Wednesday, February 15, 2012
My advice to fluffy middle aged women who are married with children - do NOT click on "Everything" and start looking around. Okay, go do it, then we'll talk about it.
Skinny tan abs. Hot guys. Wedding ideas. Killer stilettos. Diamonds. It's too late for me, period. Abs - impossible after carrying two 10 pound babies (SH! SH! I don't want to hear it. No, I can't, and you won't change my mind). Hot guys - love my hubs, I'll leave it at that. Stilettos - I'd look like a middle aged hooker. I will stick to following my friends who post cheesy pasta casseroles and cute decorating ideas for my backyard.
Okay, this is more like it. Here is what is sitting on my desk next to me as I prowl Pinterest pinning cheesy casseroles.

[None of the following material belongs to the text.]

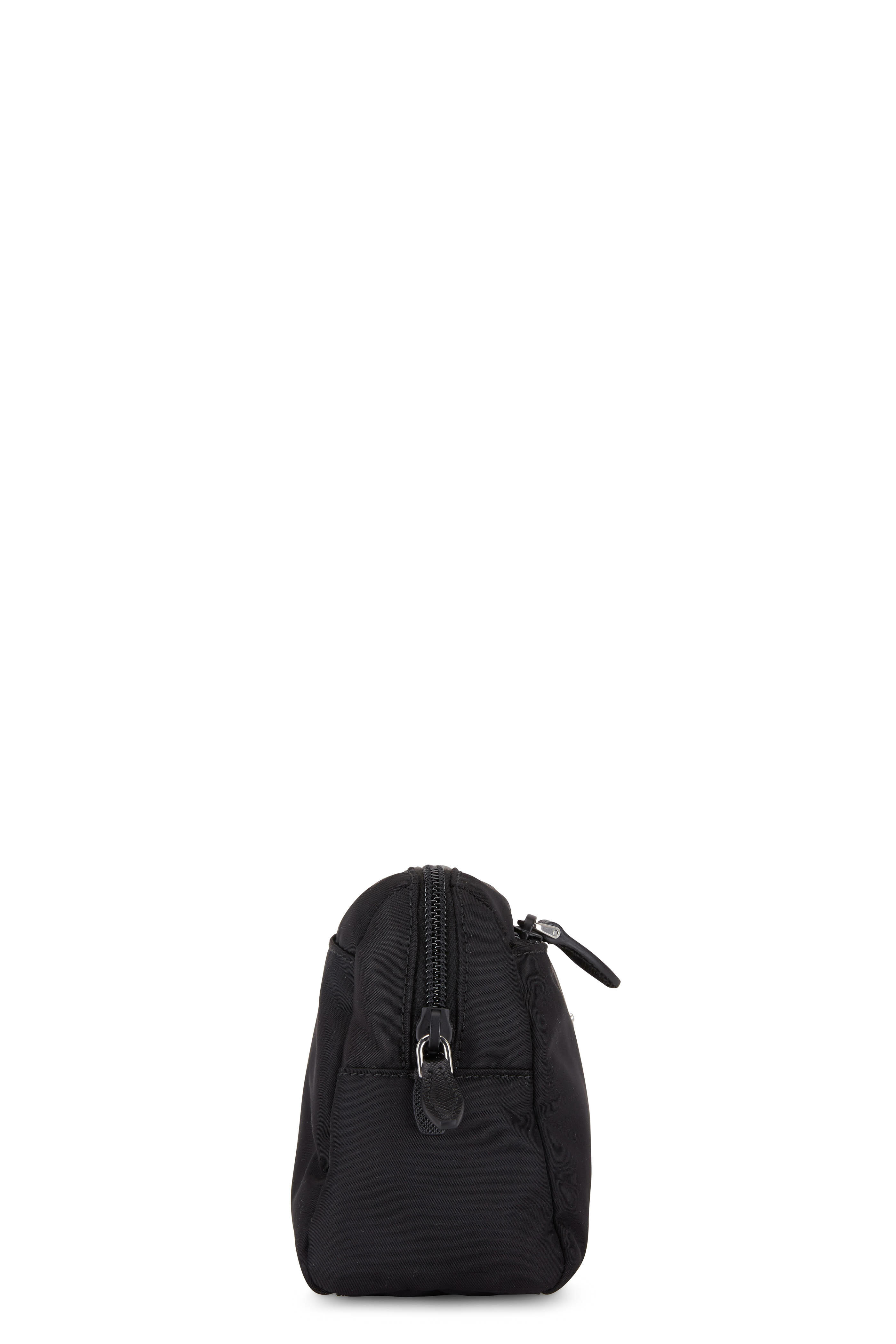 Nylon. Top zip closure. Interior zip pocket; two open pockets. Exterior zip pocket; two open pockets. Lined in nylon. Logo detail on front. Made in Italy. Width: 9". Height: 6½". Depth: 2½".

Red wine, self-explanatory. 9/10 eaten bag of Valentine's conversation hearts. Can't understand why I like them, but I do; refer to facebook status update a while back re: Bottle Caps and Tums.
Upper right corner, the very un-glamorous to-do list. Honestly, top three on the list...closet dump, hand me downs to Marci, and cover the living room pillows. I didn't make that up. Not too exciting, although the handwriting is pretty nice. My sister told me once (she's a school teacher and knows this kind of stuff) that I don't write my letters, I draw them. Random.
Going clockwise, it's a printout of the budget. Don't look close - it's scary. Larry and I have kind of spent the last two months ignoring the fact that we just slashed the family income in half, and now it's time to face the music. You won't find me checking in at restaurants on facebook much any more...and if you do please give me shit because we can't afford it any more.
The blue sheet...that's a questionnaire about things that I suppose I should not blog about should one of our children grow up and take issue with the fact that I posted too much about them in my blog.
My glamorous life. Off to drain the red.